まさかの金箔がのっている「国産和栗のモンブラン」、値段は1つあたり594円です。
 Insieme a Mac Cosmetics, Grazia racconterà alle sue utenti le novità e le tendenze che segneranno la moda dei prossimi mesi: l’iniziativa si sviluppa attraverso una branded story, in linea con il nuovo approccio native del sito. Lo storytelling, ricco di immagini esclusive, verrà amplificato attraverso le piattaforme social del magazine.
...
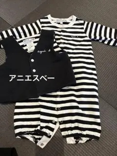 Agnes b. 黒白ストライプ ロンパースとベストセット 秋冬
--
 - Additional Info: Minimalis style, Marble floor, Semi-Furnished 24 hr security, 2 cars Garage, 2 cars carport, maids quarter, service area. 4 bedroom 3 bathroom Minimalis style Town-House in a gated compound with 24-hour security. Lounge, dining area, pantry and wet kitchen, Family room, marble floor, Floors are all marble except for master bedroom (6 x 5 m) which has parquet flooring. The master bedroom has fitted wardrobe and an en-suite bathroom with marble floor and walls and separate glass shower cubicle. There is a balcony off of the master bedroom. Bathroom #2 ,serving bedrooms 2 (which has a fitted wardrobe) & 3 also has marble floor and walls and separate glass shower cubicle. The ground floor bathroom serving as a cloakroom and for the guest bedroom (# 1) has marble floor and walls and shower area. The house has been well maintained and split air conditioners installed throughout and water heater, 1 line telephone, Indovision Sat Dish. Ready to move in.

> _What is being asked_
Give back exactly the lines above starting at the line where "まさかの金箔がのっている「国産和栗のモンブラン」、値段は1つあたり594円です。" appears and ending at the line where "Insieme a Mac" appears, both included, with no other lines.

> _Written response_
まさかの金箔がのっている「国産和栗のモンブラン」、値段は1つあたり594円です。
 Insieme a Mac Cosmetics, Grazia racconterà alle sue utenti le novità e le tendenze che segneranno la moda dei prossimi mesi: l’iniziativa si sviluppa attraverso una branded story, in linea con il nuovo approccio native del sito. Lo storytelling, ricco di immagini esclusive, verrà amplificato attraverso le piattaforme social del magazine.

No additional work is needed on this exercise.